--- RAW DATA Enclosed Below ---
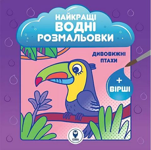 Серія «Найкращі водні розмальовки» перетворить малечу у справжнього чарівника! Розфарбувати малюнки звичайною водою? Це дуже просто! Потрібно лише обережно нанести пензликом воду на сторінку і зображення стануть кольоровими. Цупкий папір не розмокає при малюванні. Кожен малюнок зроблений з спеціальним відступом, аби сторінку можна було відрізати. Так малеча не переживатиме, що наступні сторінки намокнуть або склеяться. А ще можна познайомитися з героями розмальовки, прочитавши вірші. Водні розмальовки — це цікаве заняття, яким малеча може займатися самостійно!
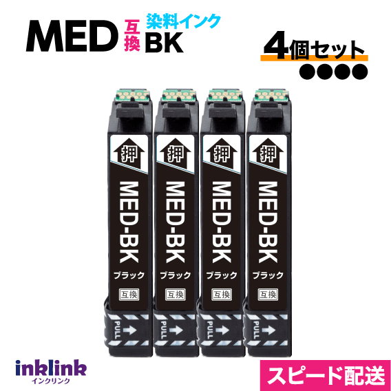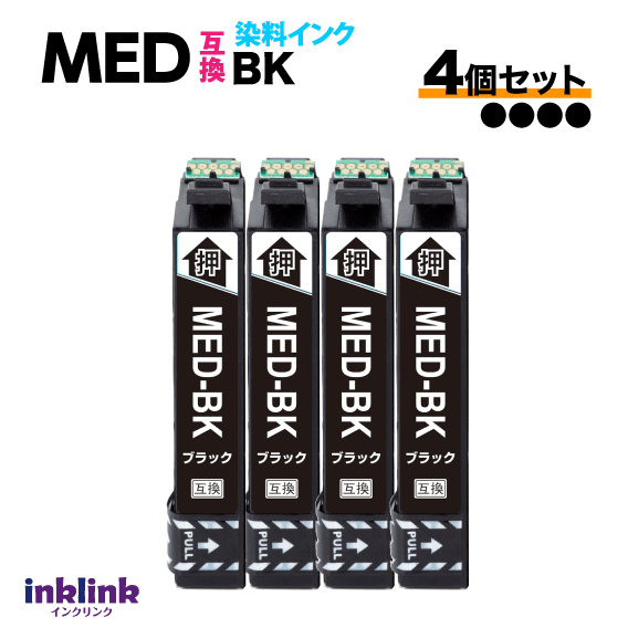 MED-BK ブラック 黒 互換インク 4個セット〔スピード配送〕エプソン EW-056A EW-456A用 EPSON プリンターインク 目印 メダマヤキ
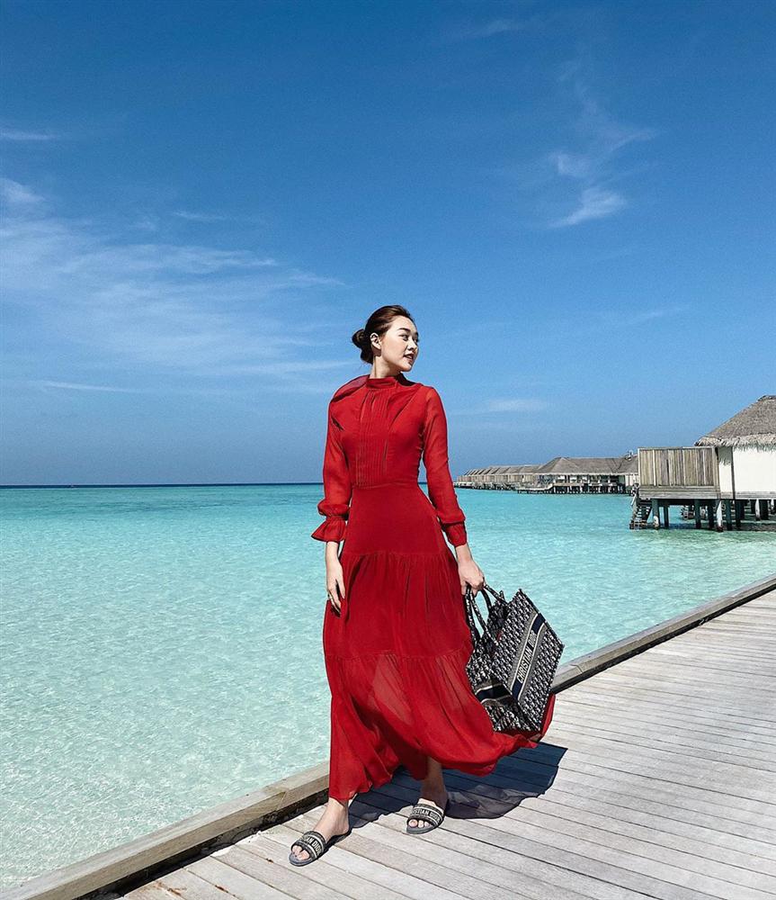 Á hậu Tường San nổi bật giữa biển trời Maldives nhờ chiếc váy đỏ bay bổng. Người đẹp mix cả cây túi xách, dép lê sang chảnh của Dior.
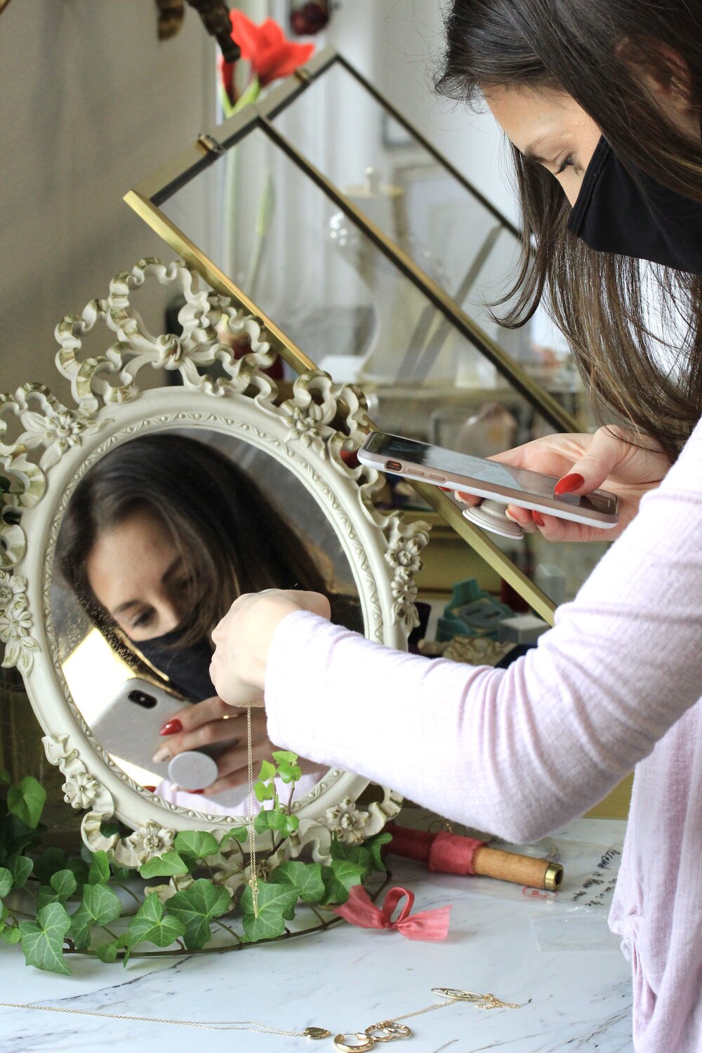 ¡Y luego estoy yo, Jess, fotógrafa de MJV! Llevo muchas funciones en Maejean (seamos honestos, ¡todos lo hacemos!), pero soy la cara amigable detrás de la cámara en todas nuestras fotografías de productos y sesiones de fotos de equipo. También me encontrarás creando contenido, respondiendo tus preguntas en Etsy, escribiendo para nuestros correos electrónicos y blogs, y seleccionando tu dosis diaria de inspiración de joyería vintage en el feed de Pinterest de Maejean. ¡Me encanta encontrar nuevas formas de capturar un brillo vintage en la cámara para compartir con todos ustedes!
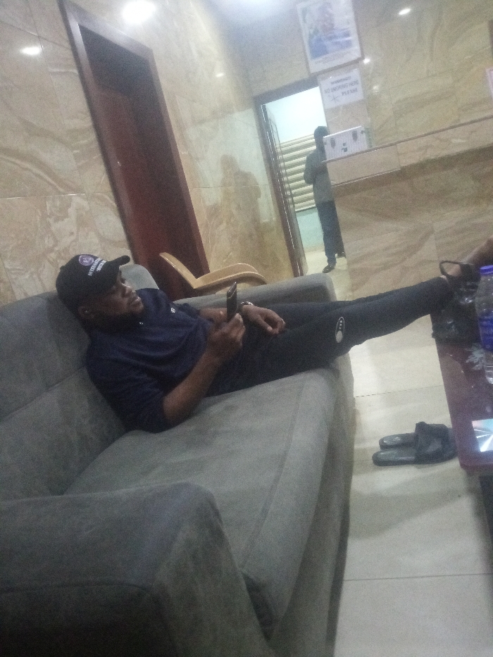 The image depicts an indoor waiting area or reception within a building in the city of Unknown, Unknown. A male individual is reclining on a grey upholstered sofa in the foreground, positioned with his body angled toward the right. He wears a dark blue long-sleeved shirt, black trousers, and a black baseball cap with a white logo, and is holding a black smartphone with both hands, looking down at the screen. His feet, clad in dark sandals, are propped on a dark brown rectangular table to his right. A clear plastic water bottle with a blue cap and a pair of black slide sandals are also present on the table and floor, respectively, near his feet. In the mid-ground, a second male individual stands partially visible in an open doorway, wearing a light shirt and dark trousers, facing into the room. The room features light-colored patterned tiled walls and a light-colored tiled floor. Two dark wooden doors are visible, one in the mid-ground to the left, and the other opening to a staircase in the background on the right. Overhead lighting illuminates the scene. A counter is visible in the mid-ground, above which a framed poster and a "NO SMOKING HERE PLEASE" sign are affixed to the wall. A light-colored wooden chair is partially visible near the left doorway.
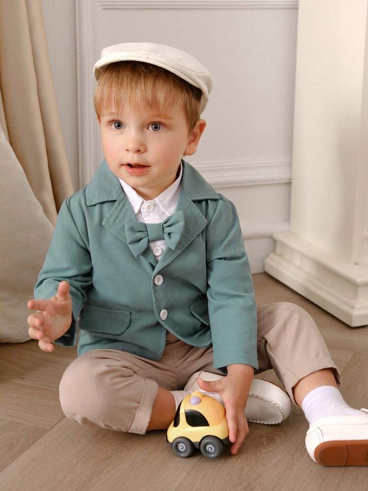 Souflis 3pcs Baby Boys’ Vintage French Style Suit, Including Jacket, Shirt, And Overalls, Suitable For Outdoor Activities In Autumn And Winter
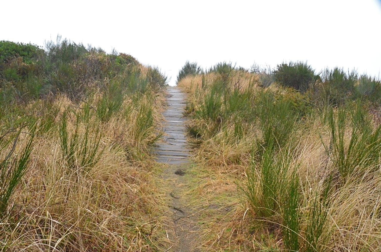 We read about this hike in Craig Romano's book, "Day Hiking Olympic Peninsula". To reach the TH go west from Hoquiam on SR 109 for 21 miles to Coplalis Beach turning left at the Green Lantern Tavern onto Benner Road. The park entrance is 0.2 miles. A Discovery Pass is required. Round trip is 4 miles, but we probably walked only 3 plus miles as the day was wet and windy. From the TH it is a .75 mile walk through grass covered dunes to the ocean. Where Conner Creek goes into the ocean one can usually access the ocean beach. However the trail appeared to have eroded away so we continued along the wide sometimes water-covered trail through the dunes for about another 1/2 mile before the trail turned to the beach. There were hundreds of shore birds along the edge of the ocean. The rain was blowing side ways so we were at the beach a very short time so never reached the Copalis River. The vegetation on the dunes was beautiful!
--- End of Enclosed RAW DATA ---
**PROBLEM DESCRIPTION**
Nothing but an exact copy of the data above, minus its pictures, should appear in the response.

**WRITTEN RESPONSE**
 Серія «Найкращі водні розмальовки» перетворить малечу у справжнього чарівника! Розфарбувати малюнки звичайною водою? Це дуже просто! Потрібно лише обережно нанести пензликом воду на сторінку і зображення стануть кольоровими. Цупкий папір не розмокає при малюванні. Кожен малюнок зроблений з спеціальним відступом, аби сторінку можна було відрізати. Так малеча не переживатиме, що наступні сторінки намокнуть або склеяться. А ще можна познайомитися з героями розмальовки, прочитавши вірші. Водні розмальовки — це цікаве заняття, яким малеча може займатися самостійно!
 MED-BK ブラック 黒 互換インク 4個セット〔スピード配送〕エプソン EW-056A EW-456A用 EPSON プリンターインク 目印 メダマヤキ
 Á hậu Tường San nổi bật giữa biển trời Maldives nhờ chiếc váy đỏ bay bổng. Người đẹp mix cả cây túi xách, dép lê sang chảnh của Dior.
 ¡Y luego estoy yo, Jess, fotógrafa de MJV! Llevo muchas funciones en Maejean (seamos honestos, ¡todos lo hacemos!), pero soy la cara amigable detrás de la cámara en todas nuestras fotografías de productos y sesiones de fotos de equipo. También me encontrarás creando contenido, respondiendo tus preguntas en Etsy, escribiendo para nuestros correos electrónicos y blogs, y seleccionando tu dosis diaria de inspiración de joyería vintage en el feed de Pinterest de Maejean. ¡Me encanta encontrar nuevas formas de capturar un brillo vintage en la cámara para compartir con todos ustedes!
 The image depicts an indoor waiting area or reception within a building in the city of Unknown, Unknown. A male individual is reclining on a grey upholstered sofa in the foreground, positioned with his body angled toward the right. He wears a dark blue long-sleeved shirt, black trousers, and a black baseball cap with a white logo, and is holding a black smartphone with both hands, looking down at the screen. His feet, clad in dark sandals, are propped on a dark brown rectangular table to his right. A clear plastic water bottle with a blue cap and a pair of black slide sandals are also present on the table and floor, respectively, near his feet. In the mid-ground, a second male individual stands partially visible in an open doorway, wearing a light shirt and dark trousers, facing into the room. The room features light-colored patterned tiled walls and a light-colored tiled floor. Two dark wooden doors are visible, one in the mid-ground to the left, and the other opening to a staircase in the background on the right. Overhead lighting illuminates the scene. A counter is visible in the mid-ground, above which a framed poster and a "NO SMOKING HERE PLEASE" sign are affixed to the wall. A light-colored wooden chair is partially visible near the left doorway.
 Souflis 3pcs Baby Boys’ Vintage French Style Suit, Including Jacket, Shirt, And Overalls, Suitable For Outdoor Activities In Autumn And Winter
 We read about this hike in Craig Romano's book, "Day Hiking Olympic Peninsula". To reach the TH go west from Hoquiam on SR 109 for 21 miles to Coplalis Beach turning left at the Green Lantern Tavern onto Benner Road. The park entrance is 0.2 miles. A Discovery Pass is required. Round trip is 4 miles, but we probably walked only 3 plus miles as the day was wet and windy. From the TH it is a .75 mile walk through grass covered dunes to the ocean. Where Conner Creek goes into the ocean one can usually access the ocean beach. However the trail appeared to have eroded away so we continued along the wide sometimes water-covered trail through the dunes for about another 1/2 mile before the trail turned to the beach. There were hundreds of shore birds along the edge of the ocean. The rain was blowing side ways so we were at the beach a very short time so never reached the Copalis River. The vegetation on the dunes was beautiful!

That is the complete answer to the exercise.